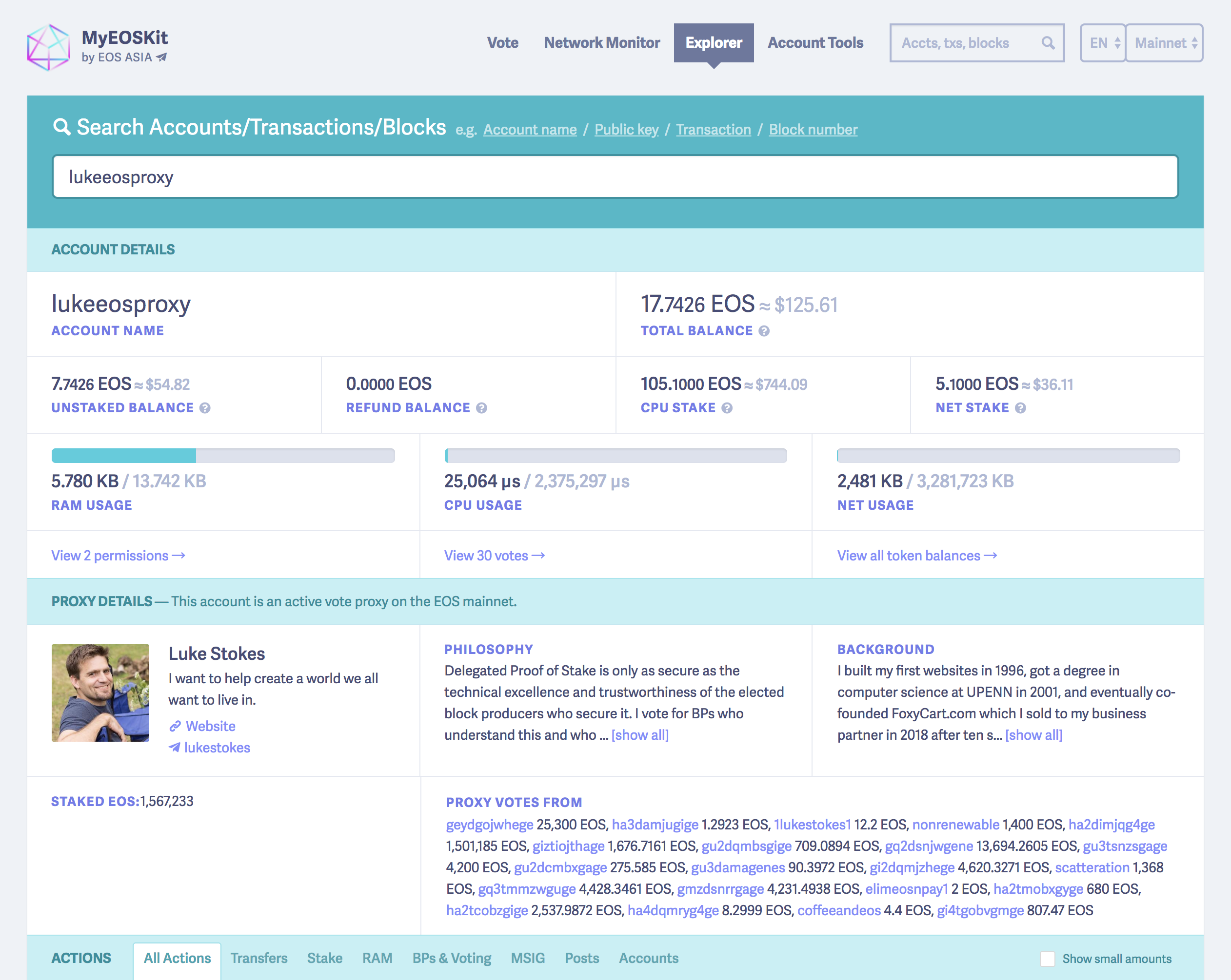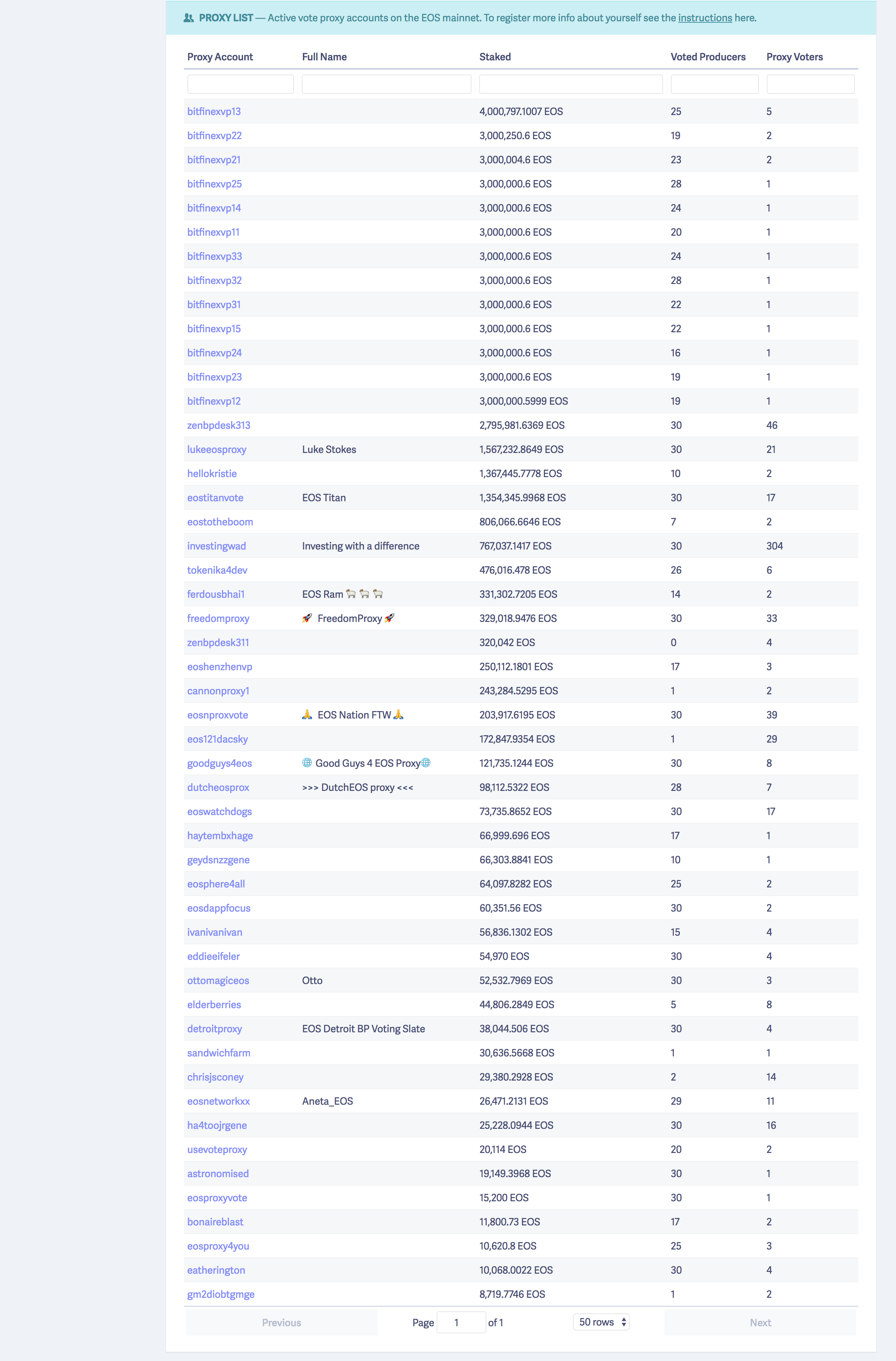 You are now able to explore all the proxies available in the EOS network and inspect their philosophy, their background, the total of EOS staked, and much more.
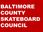The Baltimore County Skateboard Council was created by skateboarders for skateboarders with the purpose of modernizing and expanding Baltimore County's skate park program and increasing the availability of safe, legal places to skate in our local communities.
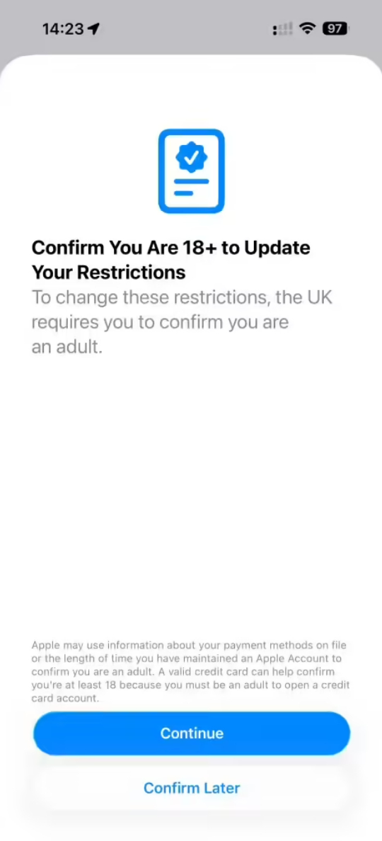 苹果iOS 26.4测试版在英国上线年龄验证机制,耗时不到30秒
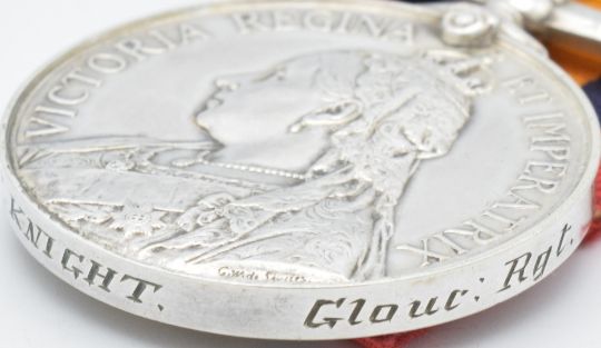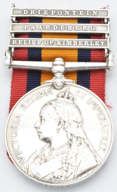 British Army Queen's South Africa Medal 1899 with clasps for Relief of Kimberley, Paardeberg and Drifontein, named to 2721 Sergeant T Knight Gloucestershire Regiment
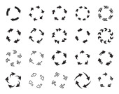 Strzałki czarno-białe wektorowe ikony zestaw. Wskaźniki w okręgu i prostokąta pojedyncze symbole pakietu. Następny, do przodu, poprzednie przyciski monochromatyczne pakiety znaków. Zbieranie piktogramów kursorów
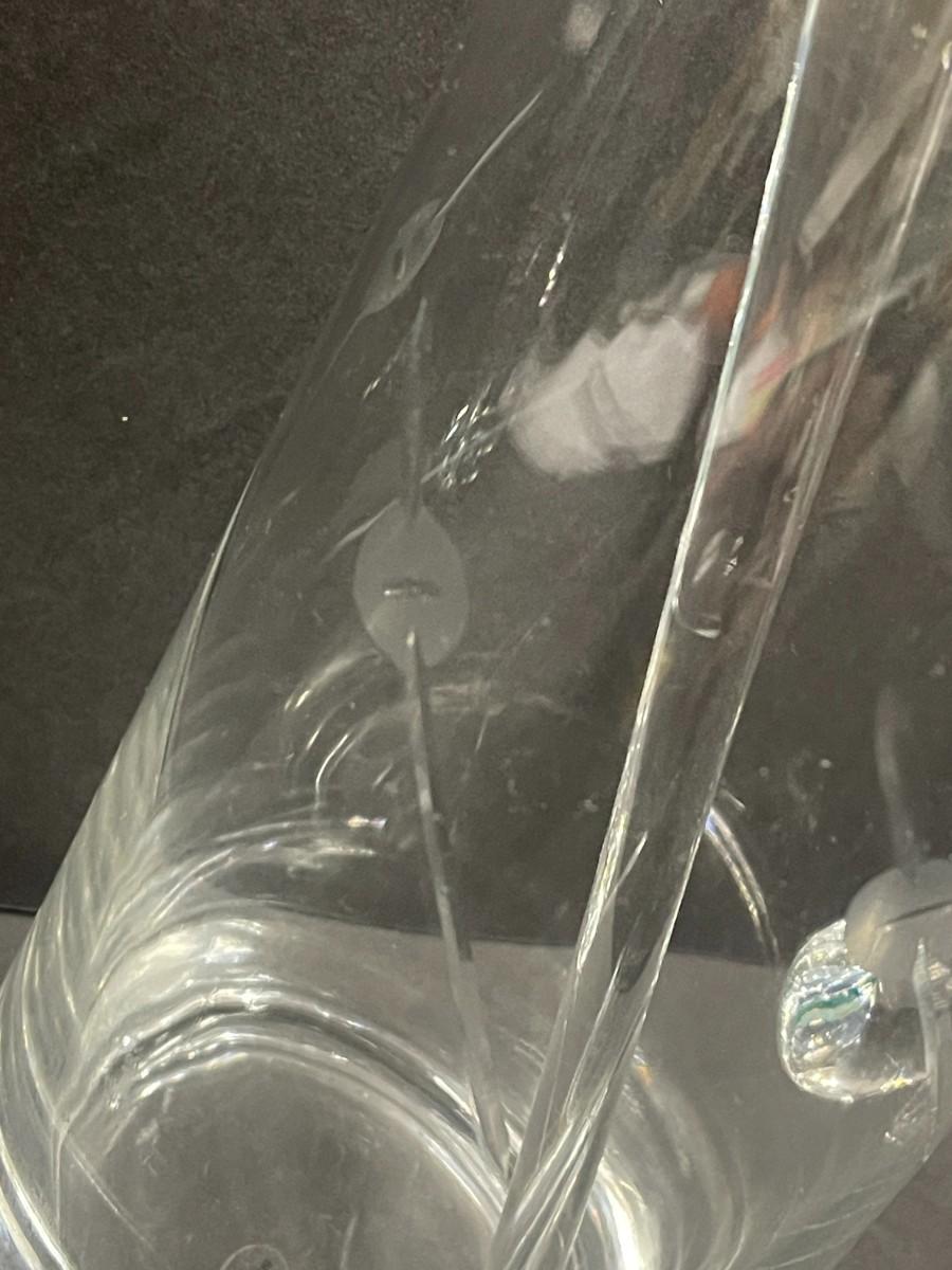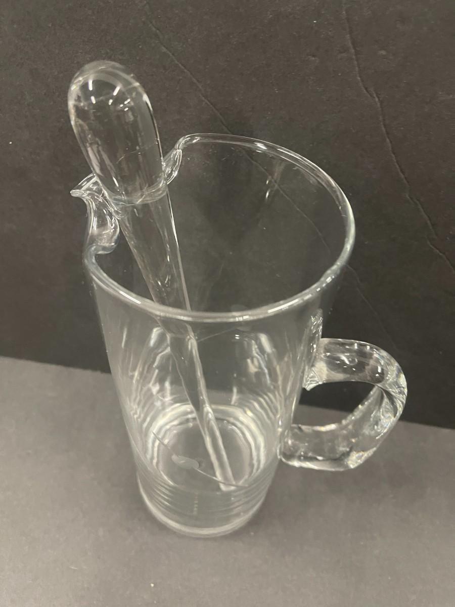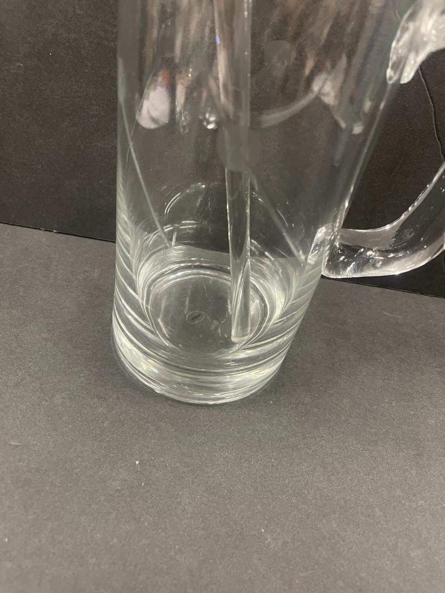 Glass cocktail pitcher with stirrer. Pitcher has etched pattern on it that looks like olives on skewers. Excellent condition.

DIRECTIONS FOR THIS TASK
Range to copy from the listing above: the line containing "The Baltimore County" down to the line containing "British Army Queen's", both included. Reproduce it exactly, minus the pictures, and add nothing.

FINISHED EXERCISE
The Baltimore County Skateboard Council was created by skateboarders for skateboarders with the purpose of modernizing and expanding Baltimore County's skate park program and increasing the availability of safe, legal places to skate in our local communities.
 苹果iOS 26.4测试版在英国上线年龄验证机制,耗时不到30秒
 British Army Queen's South Africa Medal 1899 with clasps for Relief of Kimberley, Paardeberg and Drifontein, named to 2721 Sergeant T Knight Gloucestershire Regiment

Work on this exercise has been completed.